Tuesday, April 24, 2012

China To Reportedly Stop Repatriating North Korean Refugees

Just breaking... a week ago, actually, but breaking on my news feed anyway. I just came across this article from Shanghaiist, a link in a reporting trail leading back to Japan's Yomiuri Shimbun. According to the report, China has ended, or at least suspended, their longstanding practice of sending North Korean defectors passing through China back to North Korea. One quoted Chinese official, lacking name or location, holds that this is at least partly a response to being kept out of the loop on North Korea's failed missile test earlier this month.

Whatever the reason, though, this is huge. China is, after exiting North Korea itself, the biggest obstacle between defectors and freedom in South Korea or the West. Being sent back to North Korea means certain torture and possible execution. According to the Chinese official in Liaonang province quoted by the Shimbun- a province bordering North Korea- "If refugees are sent back, that's the end of their lives. We can't ignore it." The threat of being caught by China is a big stumbling block in the logistics of escaping North Korea. If the threat of repatriation is gone, that is certain to increase the flow of refugees not only leaving North Korea, but making it to South Korea as well.
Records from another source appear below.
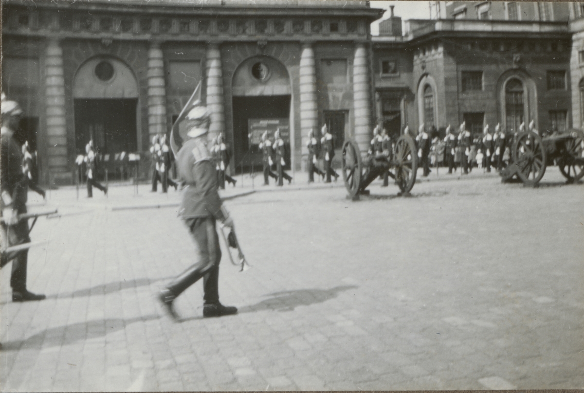 Högvakt på kungliga slottet i Stockholm. Göta livgardes stridsvagnsbataljon, 1928-1930, 1:a kursen.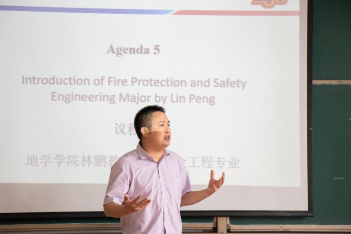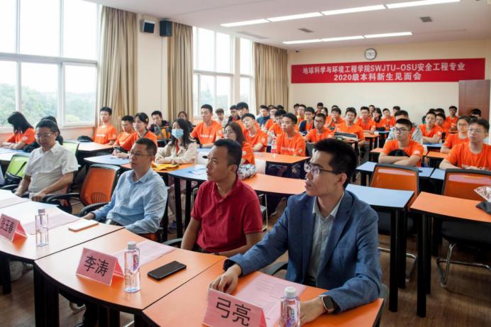 地球科学与环境工程学院书记关秦川、副书记(副院长)许军华、副书记傅尤刚、副院长张玉春、消防系副主任林鹏教授、李涛副教授、弓亮副教授,项目部行政老师干敏、郑容、陈茜及2020级辅导员王琼,安全工程专业(中外合作办学)本科2020级全体新生参加。本次活动由地球科学与环境工程学院副书记(副院长)许军华主持,他首先转达了Lutz Plümer院长和刘国祥执行院长对2020级新生的诚挚问候。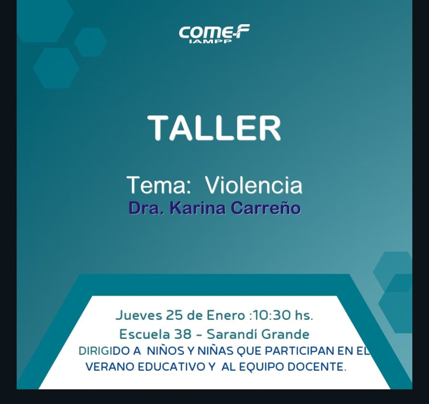 COMEF-IAMPP Sarandí Grande, llevará a cabo un taller sobre el tema de la violencia, a cargo de la Directora Técnica de la institución, Dra. Karina Carreño, con amplia formación en el área. El evento está programado para el jueves 25 de enero a las 10:30 hs. y se llevará a cabo en la Escuela N° 38 "Juan Antonio Lavalleja" de Sarandí Grande.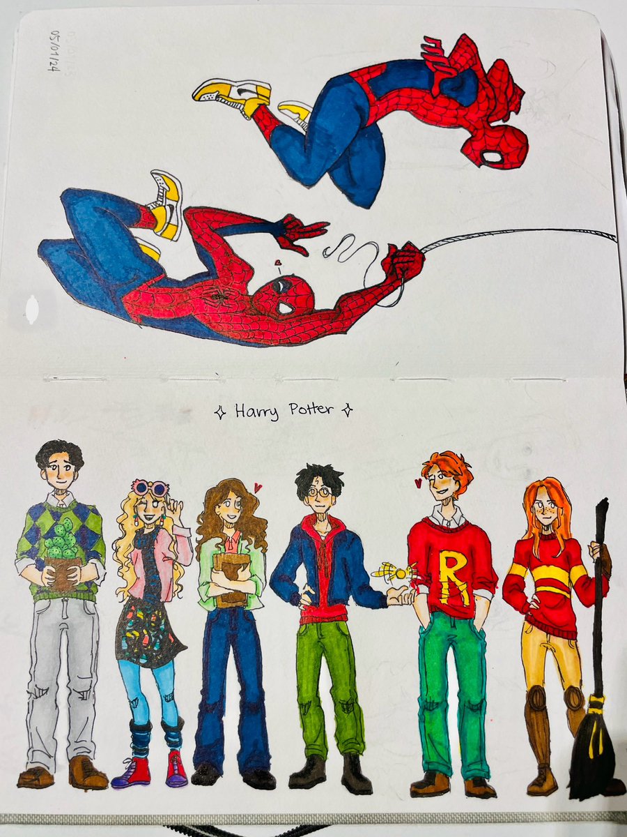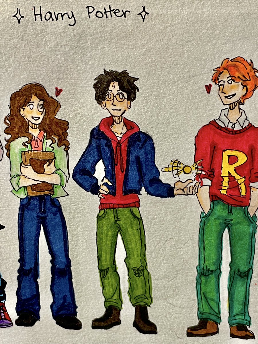 整个春假,孩子们都在追剧《哈利波特》系列,追到第五部了。。。女儿还意犹未尽地手绘了剧中的卡通版人物。

Now, China does have a way of saying one thing and doing another. Hopefully, this is not one of those times. However, earlier this month, in the time leading up to the launch, China allowed five defectors who had been trapped in the South Korean embassy in Beijing since 2009 to proceed to Seoul.

The reported change in tone comes too late for the 31 refugees who had been repatriated in March, despite a global campaign for their release. But hopefully, those 31 are the last 31.